To run this example, you will need to install the following:

.. code-block:: bash

$ pip install "ray[tune]"


This example runs a parallel grid search to optimize an example objective function.

.. code-block:: python


from ray import tune


def objective(step, alpha, beta):
return (0.1 + alpha * step / 100)**(-1) + beta * 0.1


def training_function(config):
# Hyperparameters
alpha, beta = config["alpha"], config["beta"]
for step in range(10):
# Iterative training function - can be any arbitrary training procedure.
intermediate_score = objective(step, alpha, beta)
# Feed the score back back to Tune.
tune.report(mean_loss=intermediate_score)


analysis = tune.run(
training_function,
config={
"alpha": tune.grid_search([0.001, 0.01, 0.1]),
"beta": tune.choice([1, 2, 3])
})

print("Best config: ", analysis.get_best_config(metric="mean_loss", mode="min"))

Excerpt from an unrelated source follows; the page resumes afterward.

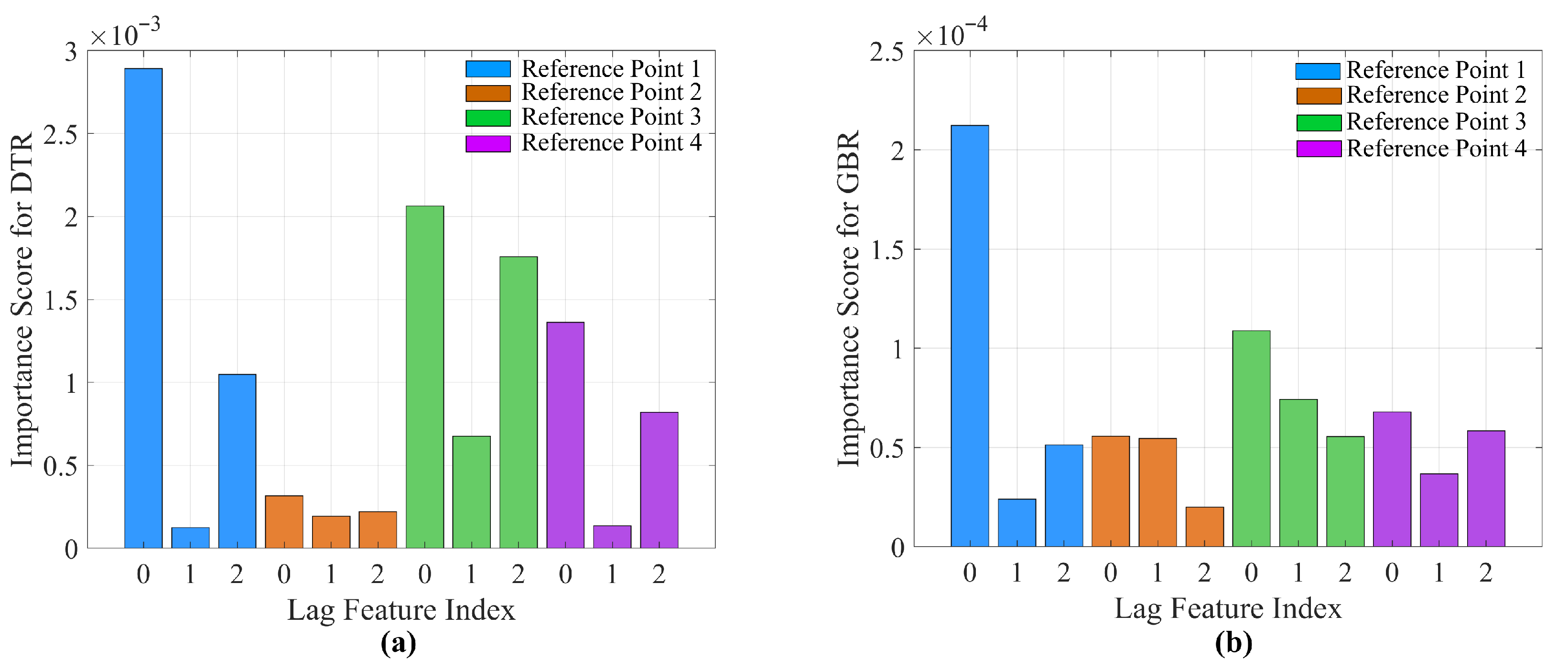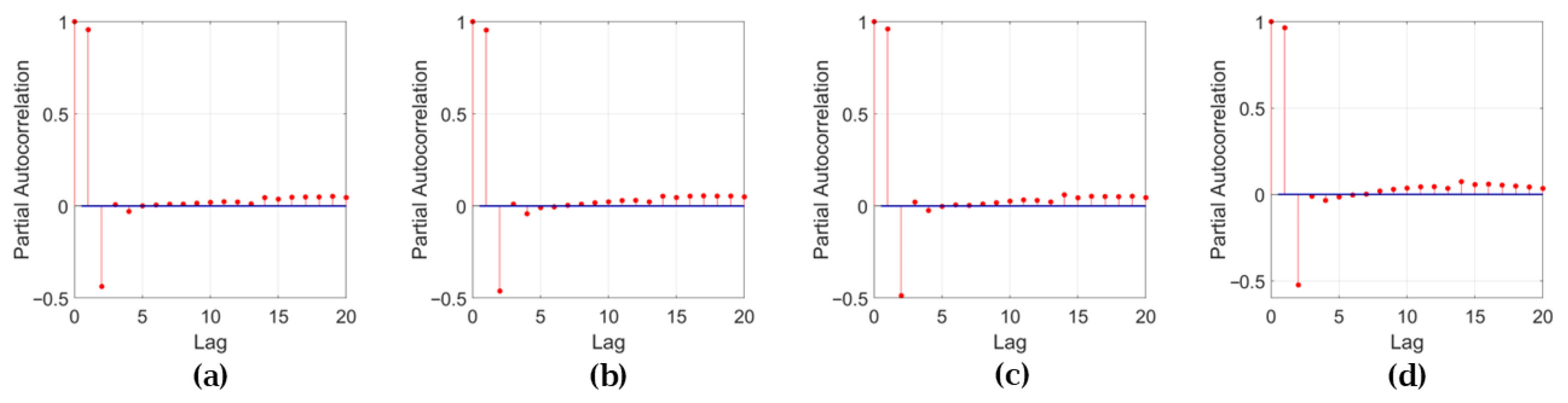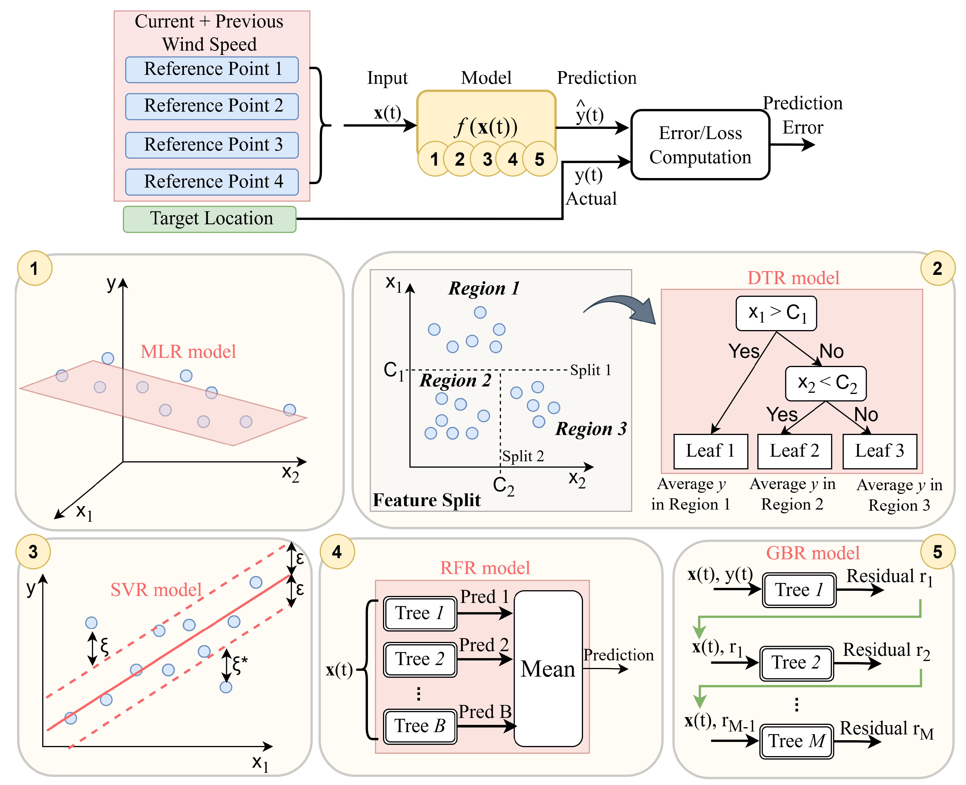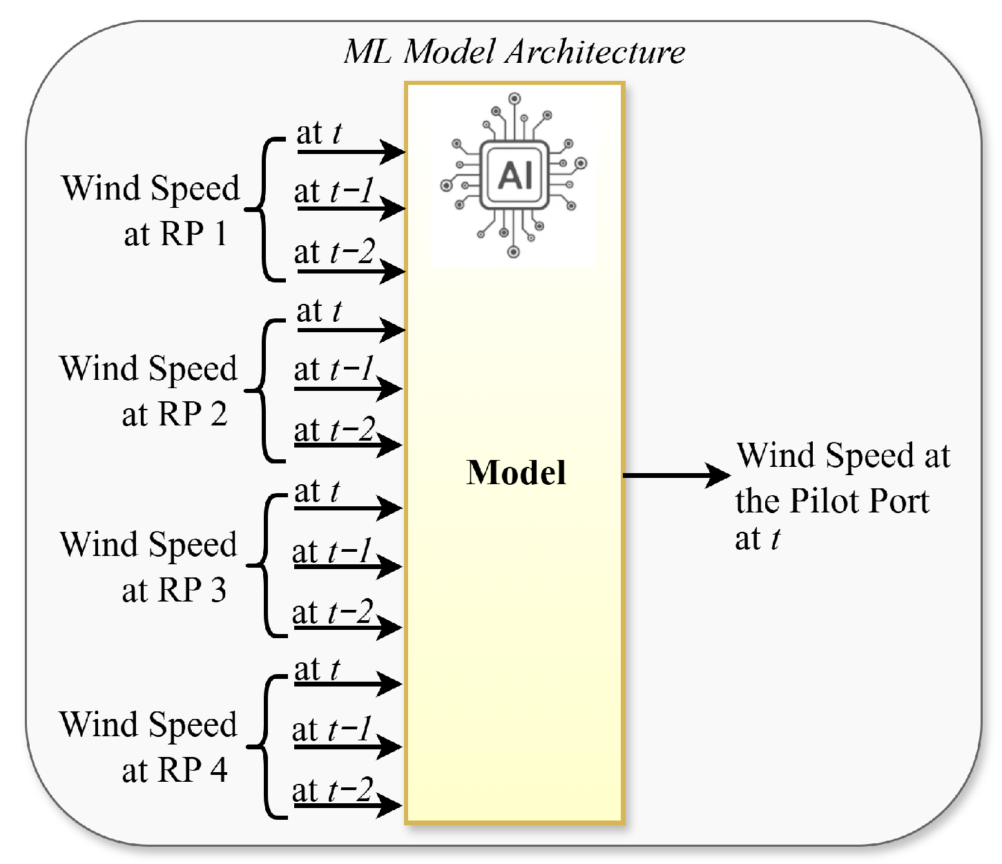 - Feature Matrix Construction: For supervised learning models, the feature space was constructed by combining the wind speed values from the four reference points at each time step, while the target variable corresponded to the measured wind speed at at the pilot port.

# Get a dataframe for analyzing trial results.
df = analysis.results_df

If TensorBoard is installed, automatically visualize all trial results:

.. code-block:: bash

tensorboard --logdir ~/ray_results

.. _`Tune`: https://docs.ray.io/en/master/tune.html
.. _`Population Based Training (PBT)`: https://docs.ray.io/en/master/tune-schedulers.html#population-based-training-pbt
.. _`Vizier's Median Stopping Rule`: https://docs.ray.io/en/master/tune-schedulers.html#median-stopping-rule
.. _`HyperBand/ASHA`: https://docs.ray.io/en/master/tune-schedulers.html#asynchronous-hyperband

RLlib Quick Start
-----------------

.. image:: https://github.com/ray-project/ray/raw/master/doc/source/images/rllib-wide.jpg

`RLlib`_ is an open-source library for reinforcement learning built on top of Ray that offers both high scalability and a unified API for a variety of applications.

.. code-block:: bash

pip install tensorflow # or tensorflow-gpu
pip install "ray[rllib]"

.. code-block:: python

import gym
from gym.spaces import Discrete, Box
from ray import tune

class SimpleCorridor(gym.Env):
def __init__(self, config):
self.end_pos = config["corridor_length"]
self.cur_pos = 0
self.action_space = Discrete(2)
self.observation_space = Box(0.0, self.end_pos, shape=(1, ))

def reset(self):
self.cur_pos = 0
return [self.cur_pos]

def step(self, action):
if action == 0 and self.cur_pos > 0:
self.cur_pos -= 1
elif action == 1:
self.cur_pos += 1
done = self.cur_pos >= self.end_pos
return [self.cur_pos], 1 if done else 0, done, {}

tune.run(
"PPO",
config={
"env": SimpleCorridor,
"num_workers": 4,
"env_config": {"corridor_length": 5}})

.. _`RLlib`: https://docs.ray.io/en/master/rllib.html


Ray Serve Quick Start
---------------------

.. image:: https://raw.githubusercontent.com/ray-project/ray/master/doc/source/serve/logo.svg
:width: 400

`Ray Serve`_ is a scalable model-serving library built on Ray. It is:

- Framework Agnostic: Use the same toolkit to serve everything from deep
learning models built with frameworks like PyTorch or Tensorflow & Keras
to Scikit-Learn models or arbitrary business logic.
- Python First: Configure your model serving declaratively in pure Python,
without needing YAMLs or JSON configs.
- Performance Oriented: Turn on batching, pipelining, and GPU acceleration to
increase the throughput of your model.
- Composition Native: Allow you to create "model pipelines" by composing multiple
models together to drive a single prediction.
- Horizontally Scalable: Serve can linearly scale as you add more machines. Enable
your ML-powered service to handle growing traffic.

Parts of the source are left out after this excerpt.